= Task instructions =
In the records below, find the line with "- 生成网页,显示两个按钮(ON/OFF),根据 LED 当前状态高亮对应按钮。", then copy each line exactly until you have copied the line with "Stroom koepel, strak". Leave any picture out.

= Records to process =
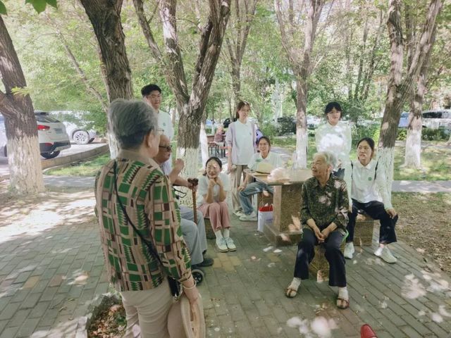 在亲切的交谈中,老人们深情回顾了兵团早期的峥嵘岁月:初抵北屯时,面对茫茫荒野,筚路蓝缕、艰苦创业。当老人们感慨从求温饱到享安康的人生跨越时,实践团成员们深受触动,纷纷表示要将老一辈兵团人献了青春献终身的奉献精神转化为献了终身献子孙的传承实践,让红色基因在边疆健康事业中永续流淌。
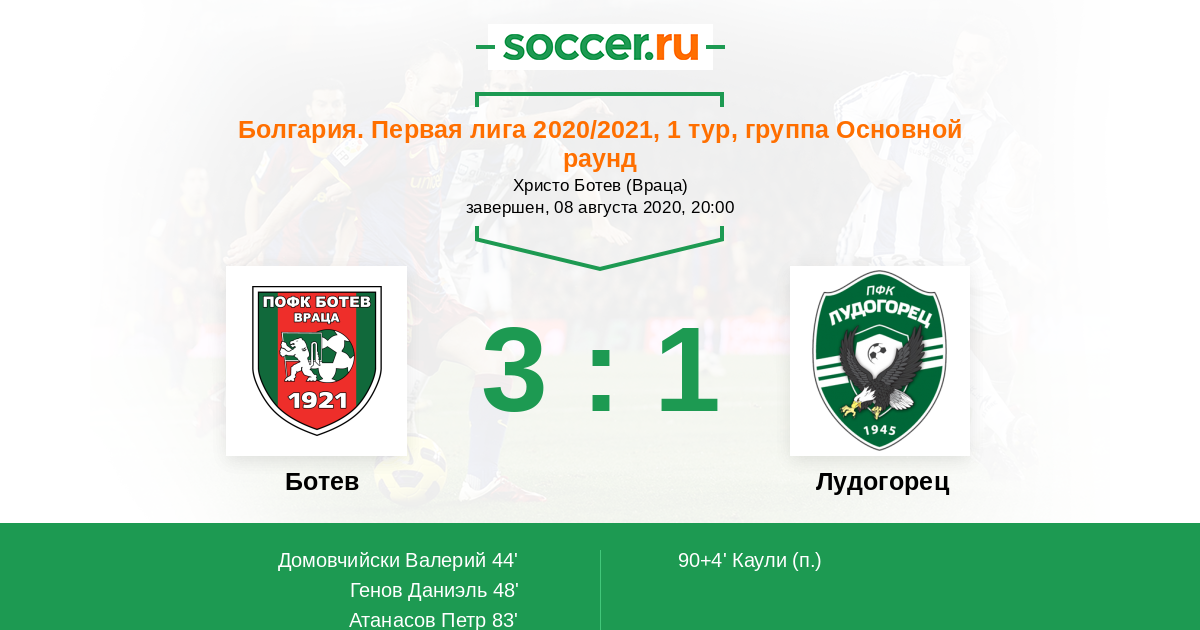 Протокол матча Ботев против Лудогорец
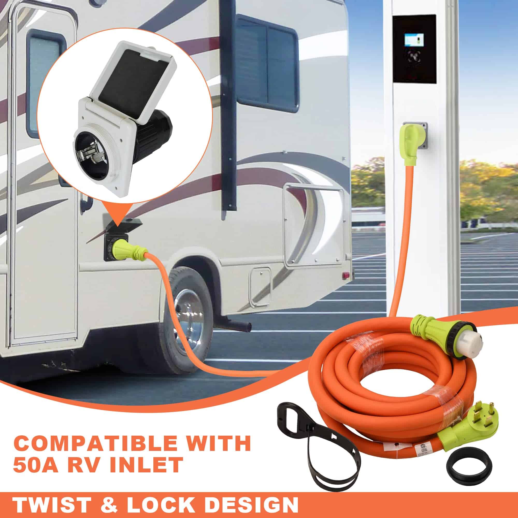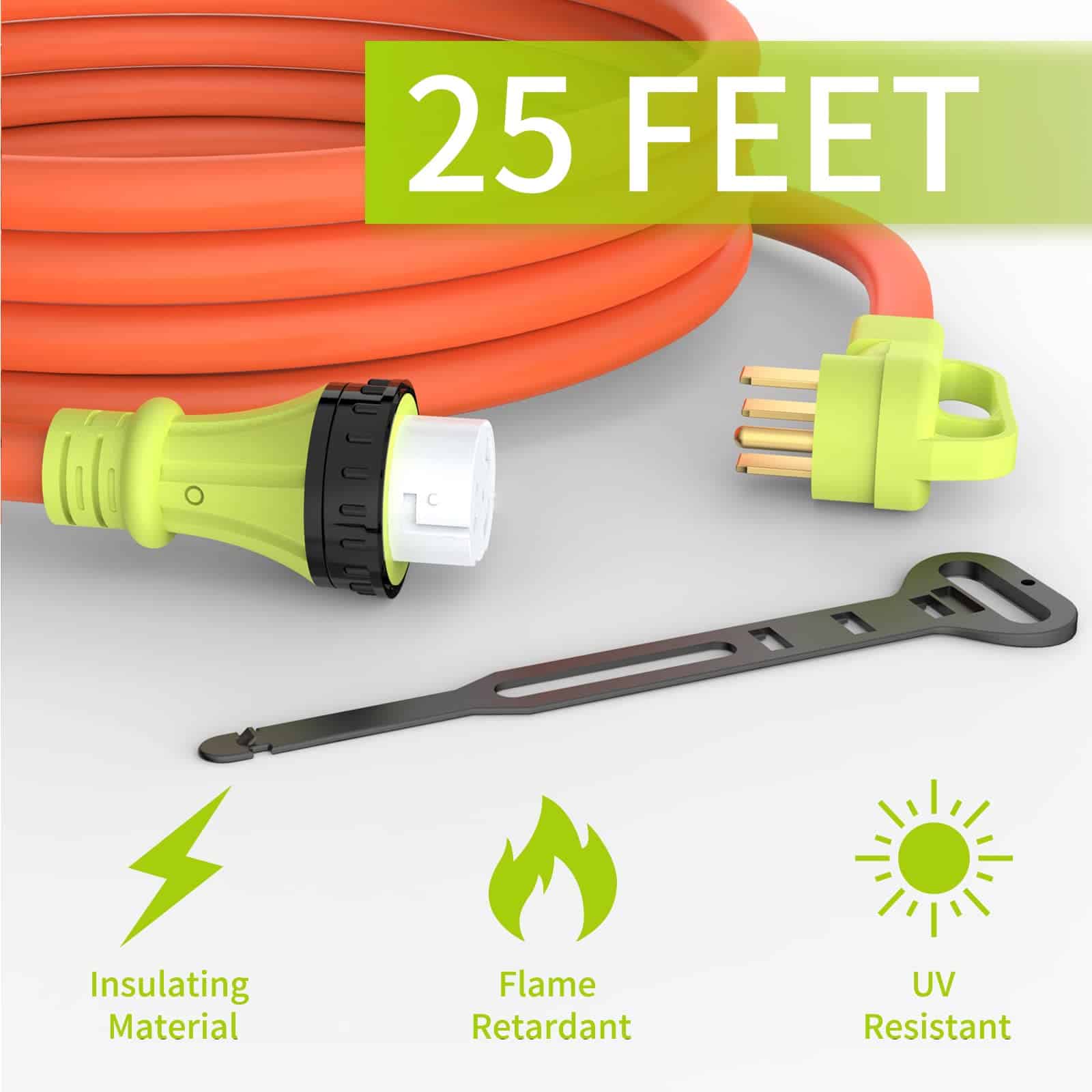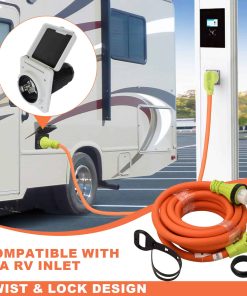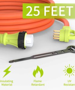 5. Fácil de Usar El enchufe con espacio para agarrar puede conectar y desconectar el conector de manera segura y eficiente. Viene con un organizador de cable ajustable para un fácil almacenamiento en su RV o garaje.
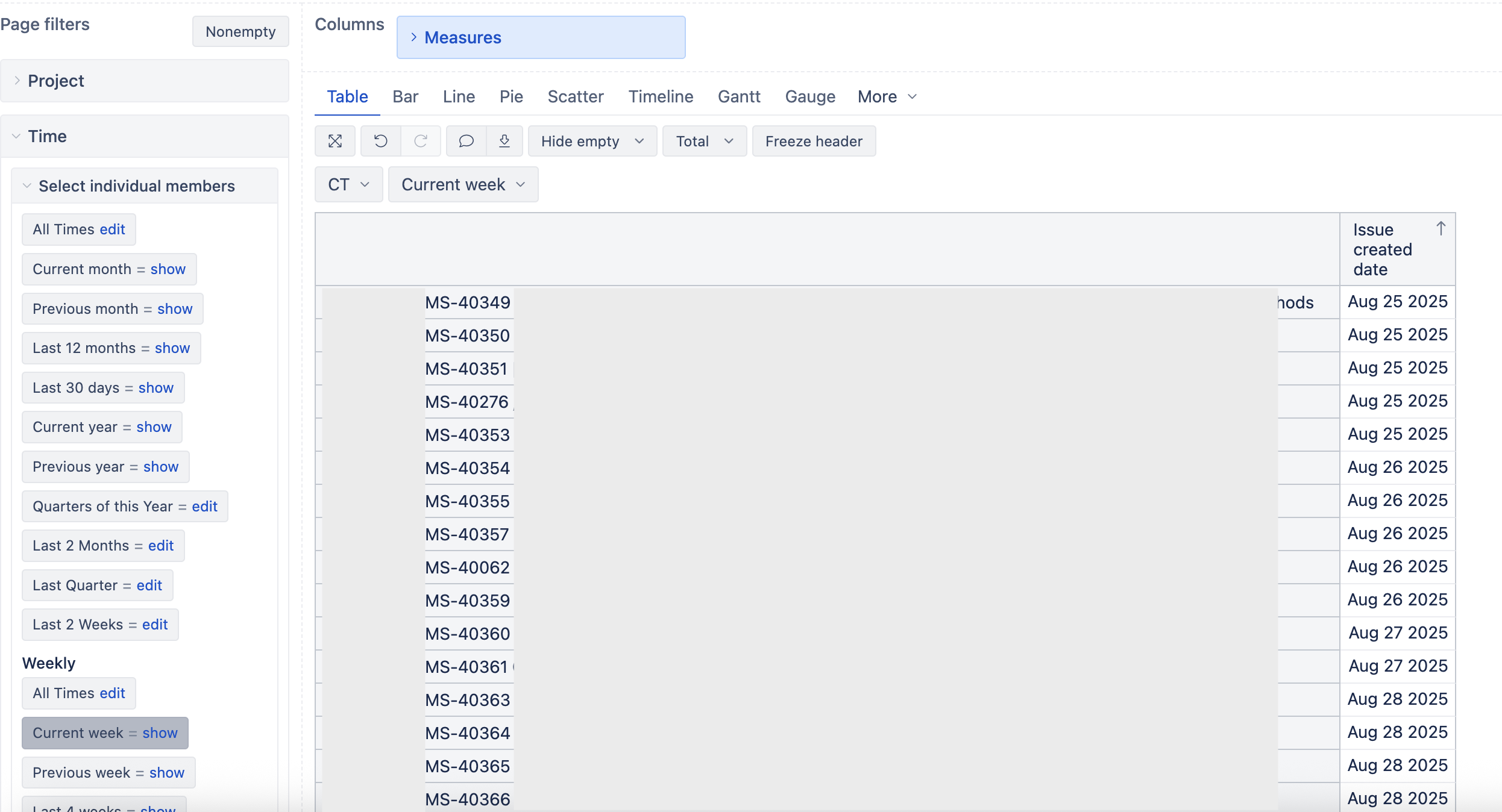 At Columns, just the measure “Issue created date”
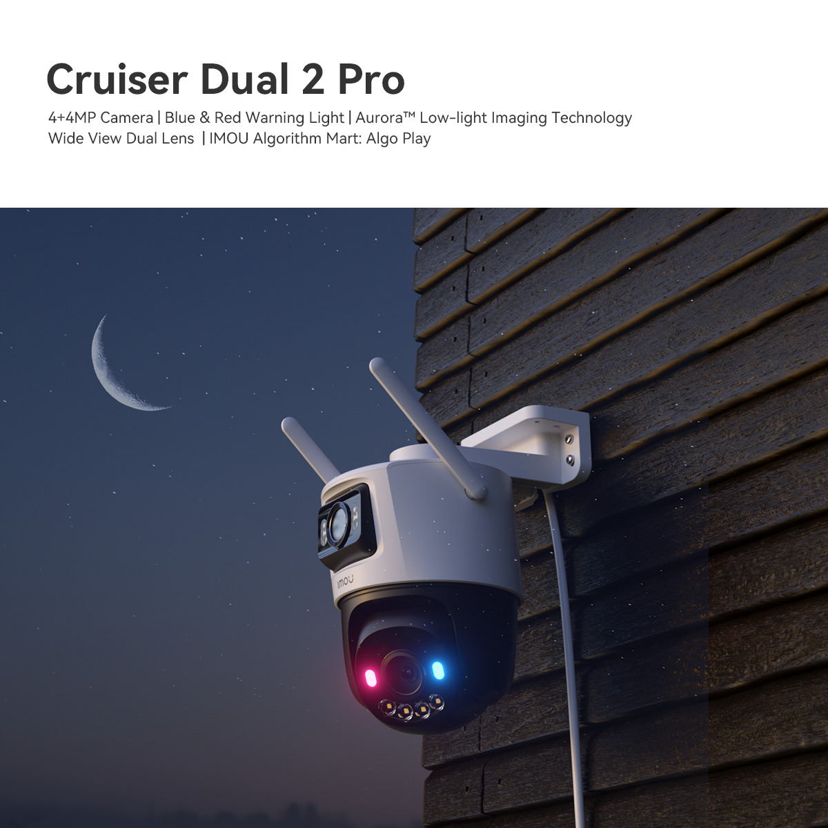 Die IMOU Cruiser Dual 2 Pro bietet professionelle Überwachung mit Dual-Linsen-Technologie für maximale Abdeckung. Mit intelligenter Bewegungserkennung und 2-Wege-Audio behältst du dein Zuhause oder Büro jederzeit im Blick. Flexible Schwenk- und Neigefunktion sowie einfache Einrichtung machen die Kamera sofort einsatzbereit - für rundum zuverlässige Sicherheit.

--

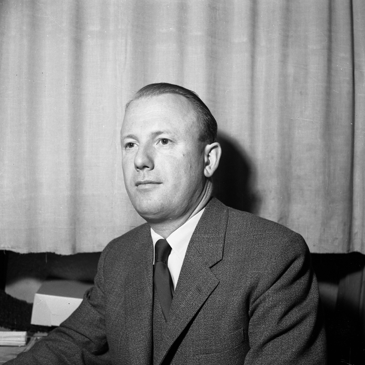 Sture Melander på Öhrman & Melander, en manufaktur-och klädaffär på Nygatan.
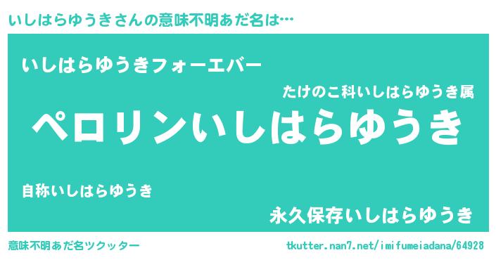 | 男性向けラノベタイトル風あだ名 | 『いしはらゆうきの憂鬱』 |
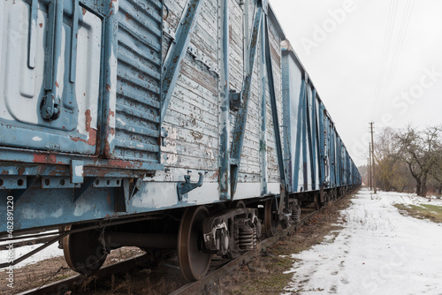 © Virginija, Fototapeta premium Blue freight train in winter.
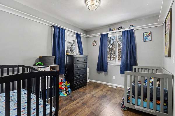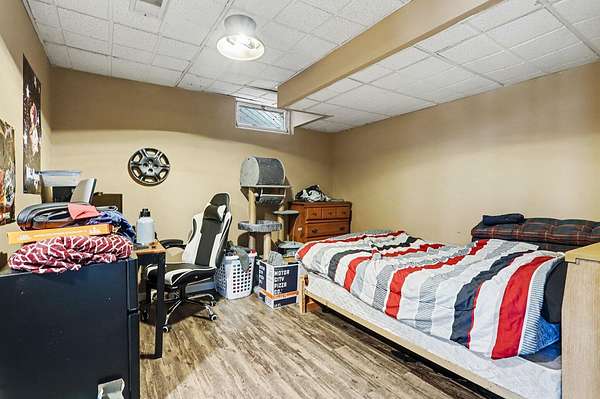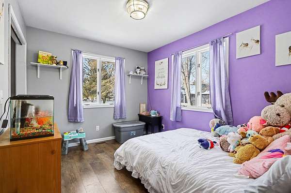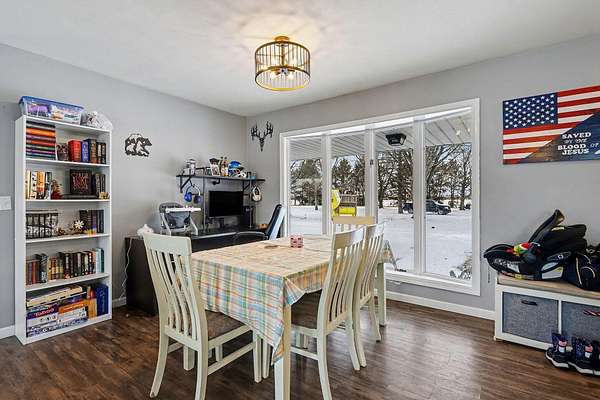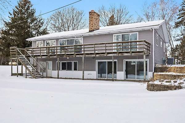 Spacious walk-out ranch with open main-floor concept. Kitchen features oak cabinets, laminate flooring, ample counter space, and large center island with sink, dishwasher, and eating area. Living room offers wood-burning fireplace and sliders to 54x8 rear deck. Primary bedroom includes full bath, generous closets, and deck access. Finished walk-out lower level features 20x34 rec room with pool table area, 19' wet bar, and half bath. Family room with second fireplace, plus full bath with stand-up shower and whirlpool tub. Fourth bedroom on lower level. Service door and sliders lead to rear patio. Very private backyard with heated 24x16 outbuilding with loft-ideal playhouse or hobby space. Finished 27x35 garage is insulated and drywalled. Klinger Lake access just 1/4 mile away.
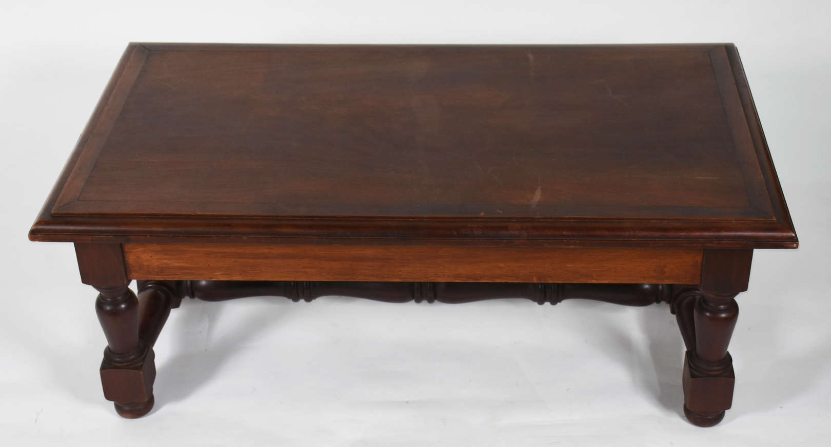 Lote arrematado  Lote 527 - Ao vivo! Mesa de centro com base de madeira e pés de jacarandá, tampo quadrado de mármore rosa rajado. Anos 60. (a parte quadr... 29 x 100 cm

--

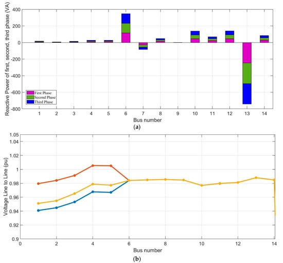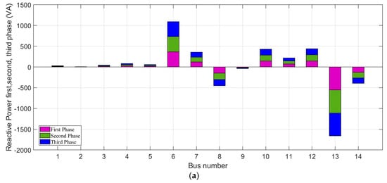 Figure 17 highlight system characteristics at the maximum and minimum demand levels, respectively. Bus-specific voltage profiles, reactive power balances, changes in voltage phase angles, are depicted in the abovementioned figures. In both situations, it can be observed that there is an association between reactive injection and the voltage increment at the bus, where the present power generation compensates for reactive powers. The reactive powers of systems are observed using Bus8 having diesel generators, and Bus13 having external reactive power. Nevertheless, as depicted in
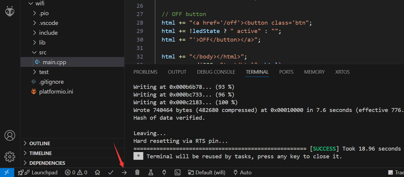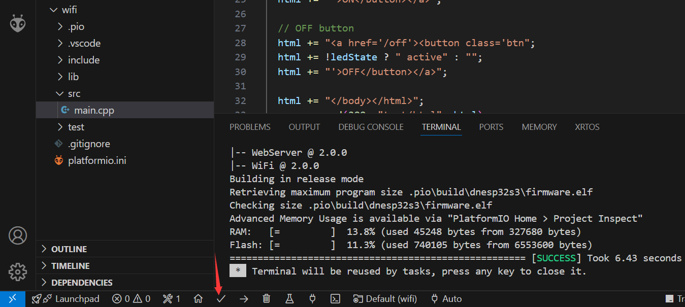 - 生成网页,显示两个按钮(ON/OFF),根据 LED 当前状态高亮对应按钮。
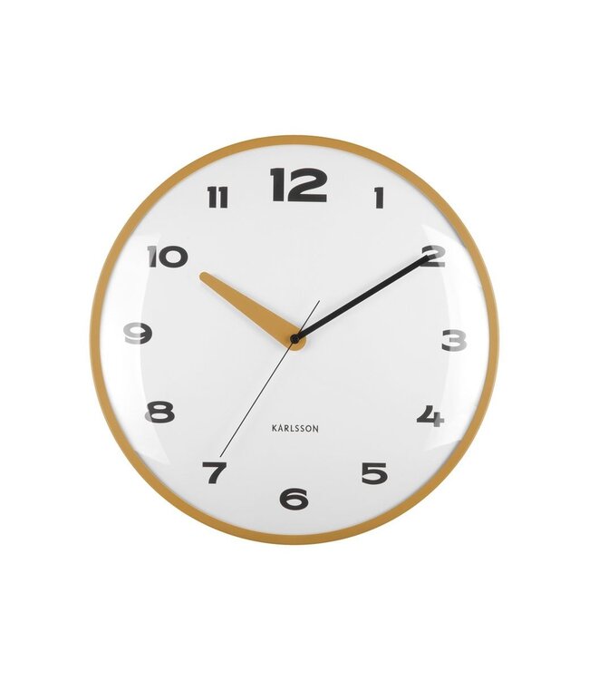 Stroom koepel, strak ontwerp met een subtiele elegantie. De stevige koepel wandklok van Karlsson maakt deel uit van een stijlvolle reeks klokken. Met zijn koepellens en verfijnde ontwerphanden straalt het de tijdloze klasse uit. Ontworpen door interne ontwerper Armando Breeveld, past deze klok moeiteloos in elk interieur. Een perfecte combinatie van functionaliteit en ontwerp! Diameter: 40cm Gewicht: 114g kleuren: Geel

= Reply to the task =
 - 生成网页,显示两个按钮(ON/OFF),根据 LED 当前状态高亮对应按钮。
 Stroom koepel, strak ontwerp met een subtiele elegantie. De stevige koepel wandklok van Karlsson maakt deel uit van een stijlvolle reeks klokken. Met zijn koepellens en verfijnde ontwerphanden straalt het de tijdloze klasse uit. Ontworpen door interne ontwerper Armando Breeveld, past deze klok moeiteloos in elk interieur. Een perfecte combinatie van functionaliteit en ontwerp! Diameter: 40cm Gewicht: 114g kleuren: Geel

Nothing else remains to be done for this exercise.